Back to our login scenario. Below you will initially find some code for handling an incoming HTTP POST request to the signup route, followed by a route handler for a similar request but to the signin route where the passwords will be compared using the bcrypt method compare()
which returns a boolean. (Mongoose is used as the ODM to communicate with a MongoDB database.)
const bcrypt = require('bcrypt');
const mongoose = require('mongoose');
const express = require('express');
const User = require('./models/user'); // the users collection
const app = express();
// parse JSON objects before handling the HTTP requests
app.use(express.json());
// sign up a user
app.post('/api/signup', async (req, res) => {
try {
// validate the body of the request
// (the "validate" function definition is not shown)
const { error } = validate(req.body);
if (error)
return res.status(400).send(error.message);
// see if the user already exists
let user = await User.findOne({ email: req.body.email });
if (user)
return res.status(400).send('User is already registered.');
// create a new user in memory
user = new User({
username: req.body.username,
email: req.body.email,
password: req.body.password
});
// hash the password
const SALT_ROUNDS = 10;
const salt = await bcrypt.genSalt(SALT_ROUNDS);
user.password = await bcrypt.hash(user.password, salt);
// save the user to the db
await user.save();
// return the user (omit the password)
res.send({
username: user.username,
email: user.email
});
}
catch (err) {
return res.status(500).send('Oops.. Something went wrong.');
}
});
// sign in a user
app.post('/api/signin', async (req, res) => {
try {
// validate the body of the request
// (the "validate" function definition is not shown)
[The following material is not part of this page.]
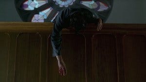 The opening scene is beautiful and disturbing, a church lit by candles that suddenly flicker as a wind blows through. A parishioner in the choir loft insists that God isn’t with them anymore as a nun and priest look up – to see the man pull a gun and shoot himself, collapsing.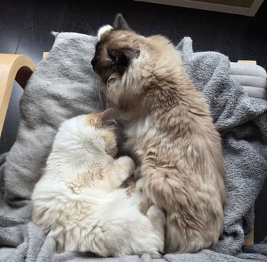 Nos chats grandissent à la maison, entourés de présence, de respect et d'attention, afin de devenir des compagnons équilibrés, bien dans leurs pattes et proches de l'humain.

const { error } = validate(req.body);
if (error)
return res.status(400).send(error.message);
// see if the user exists
const user = await User.findOne({ email: req.body.email });
if (!user)
return res.status(400).send('Invalid email or password.');
// authenticate
// (the "compare" method returns a boolean)
const authenticated = await bcrypt.compare(
req.body.password, user.password
);
if (!authenticated)
return res.status(400).send('Invalid email or password.');
// respond to client
res.send(/* will return an authorization token shortly */);
}
catch (err) {
return res.status(500).send('Oops.. Something went wrong.');
}
});
Do note a few things: (a) we always want to validate the input from the user before querying the database (e.g. checking the types, maximum and minimum lengths, etc.), one reason being that it could contain data that may alter the database in ways we don’t expect; (b) we do not reveal to the user if it is the email or the password that is incorrect in order to be less conspicuous. (One popular library for validation is joi.)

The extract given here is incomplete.